Saturday, December 24, 2005

Christmas Eve

It's the day before Christmas. My little town is moving -- all over -- people in cars, on foot, in stores, on streets, everywhere. I'm not there. I'm in a quiet space listening to poetry, Hafiz and Rumi. I wondered how many people in how many countries celebrate Christmas. I asked Jeeves but there were too many answers and I decided I didn't need to know. I get on the pensive side when confronted with serious consumerism. And that's what Christmas has been to me for some time -- food for thought.

Bob Muth admins a local mailing list. He writes well with passion and steadfastness and includes peace writings and related information. Two nights ago he passed on one of Mary Oliver's poems titled "Wage Peace." I quite often save the posts and tuck them away in my electronic library. Three phrases of her poem are part of the impetus of my life's current activities:
  • Remember your tools
  • Don't wait another minute
  • Wage peace
May we all take these words and words like them, find them in our lives, practice them in our hearts and wage peace there.
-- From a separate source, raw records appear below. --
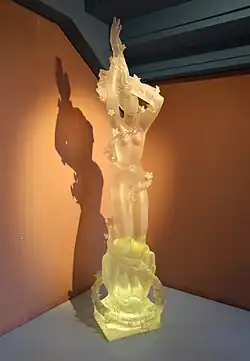 Fleishmann pioneered the use of perspex in sculpture, including some notable public pieces. In 1956, the Pacific Steam Navigation Company (PSNC) commissioned The Birth of Aphrodite for their ship Reina del Mar. Fleischmann carved the piece from a half-ton block of clear perspex built up from laminated sheets.[5] For the 1970 World Expo in Osaka, Japan, he created a perspex fountain for the British Pavilion, entitled Harmony and progress. In 1963, he featured in a British Pathe newsreel about perspex sculpture.[6]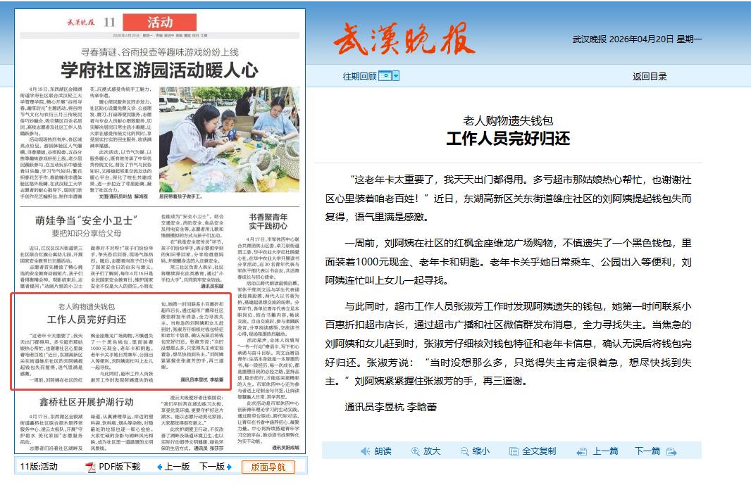 “这老年卡太重要了,我天天出门都得用。多亏超市那姑娘热心帮忙,也谢谢社区心里装着咱老百姓!”近日,东湖高新区关东街道雄庄社区的刘阿姨提起钱包失而复得,语气里满是感激。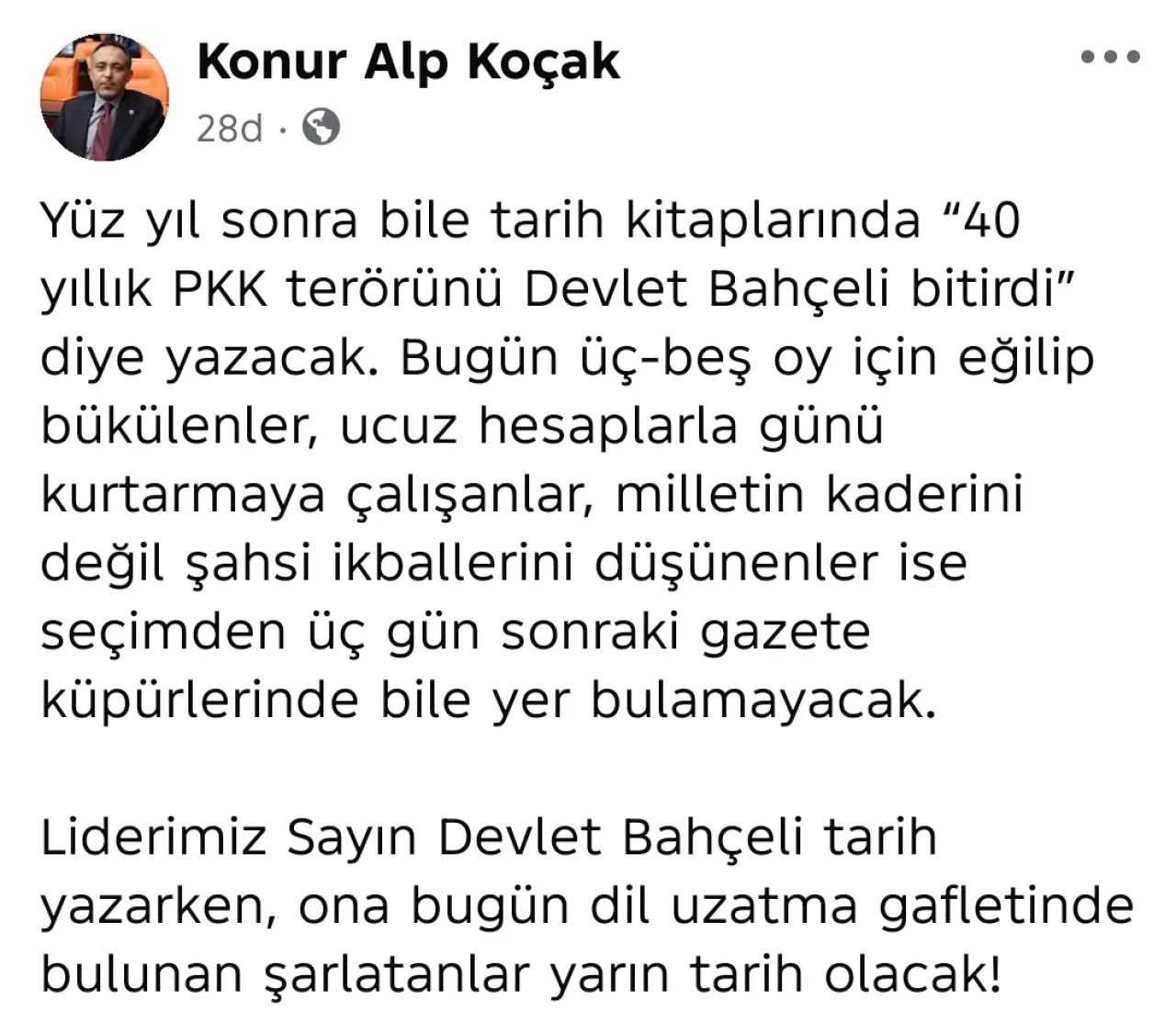 MHP Konya Milletvekili Konur Alp Koçak, sosyal medya hesabından yaptığı dikkat çeken paylaşımda terörle mücadeleye ve MHP Lideri Devlet Bahçeli’nin duruşuna ilişkin güçlü ifadeler kullandı. Koçak, “Yüz yıl sonra bile tarih kitaplarında ‘40 yıllık PKK terörünü Devlet Bahçeli bitirdi’ diye yazacak” sözleriyle, Bahçeli’nin terörle mücadeledeki kararlılığının tarihe geçeceğini vurguladı.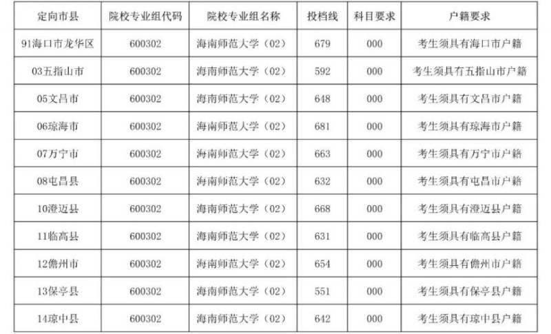 2025海南师范大学小学乡村教师定向公培生投档分数线
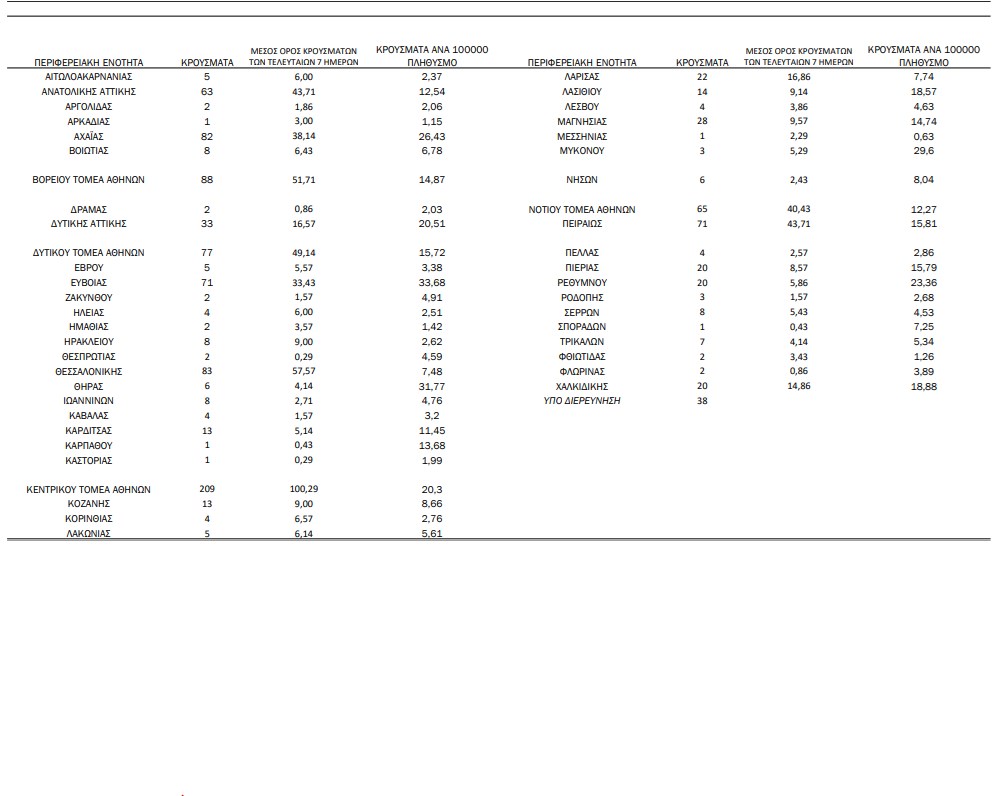 Στην Ανατολική Αττική υπήρξαν 63 νέες μολύνσεις, στον Βόρειο Τομέα Αθηνών 88, στις Νήσους 6, στον Νότιο Τομέα 65 και στον Πειραιά 71.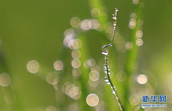这是3月1日清晨在南京古林公园拍摄的露珠。新华社发(王新 摄)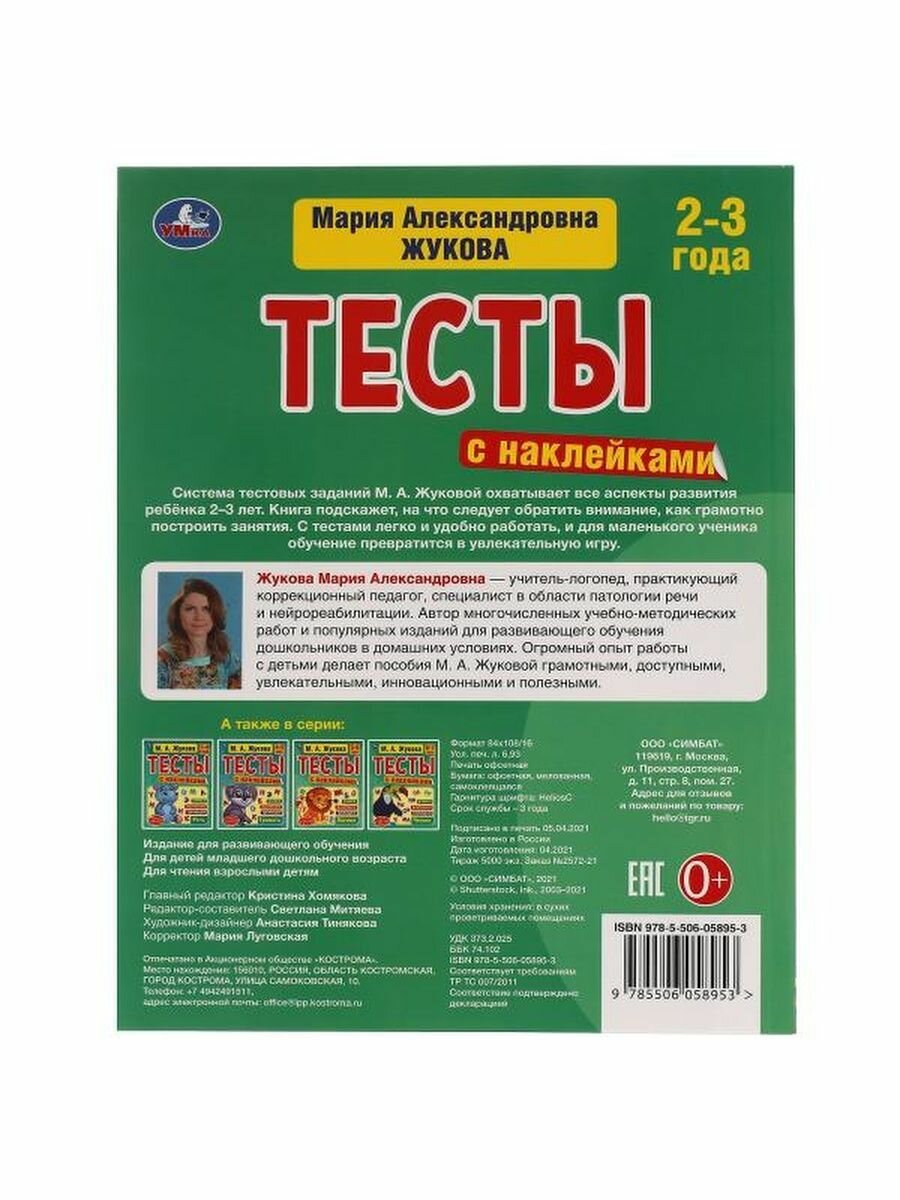 Книга М.А. Жукова 2-3 года. Тесты с наклейками. 195х255 мм. 64 стр. Мелованная бумага. (Жукова Мария Александровна); Умка, 2021

There is no time like today.
WAGE PEACE
Mary Oliver

Wage peace.
Wage peace with your breath.
Breathe in firemen and rubble,
Breath out whole buildings and flocks of red wing blackbirds.
Breathe in terrorists and breathe out sleeping children and freshly mown fields.
Breathe in confusion and breathe out maple trees.
Breathe in the fallen and breathe out lifelong friendships intact.
Wage peace with your listening: hearing sirens, pray loud.
Remember your tools: flower seeds, clothes pins, clean rivers.
Make soup.
Play music, learn the word for thank you in three languages.
Learn to knit, and make a hat.
Think of chaos as dancing raspberries,
Imagine grief as the outbreath of beauty or the gesture of fish.
Swim for the other side.
Wage peace.
Never has the world seemed so fresh and precious.
Have a cup of tea and rejoice.
Act as if armistice has already arrived.
Don't wait another minute.
Wage Peace.

Peace be with you all, family, friends, neighbors.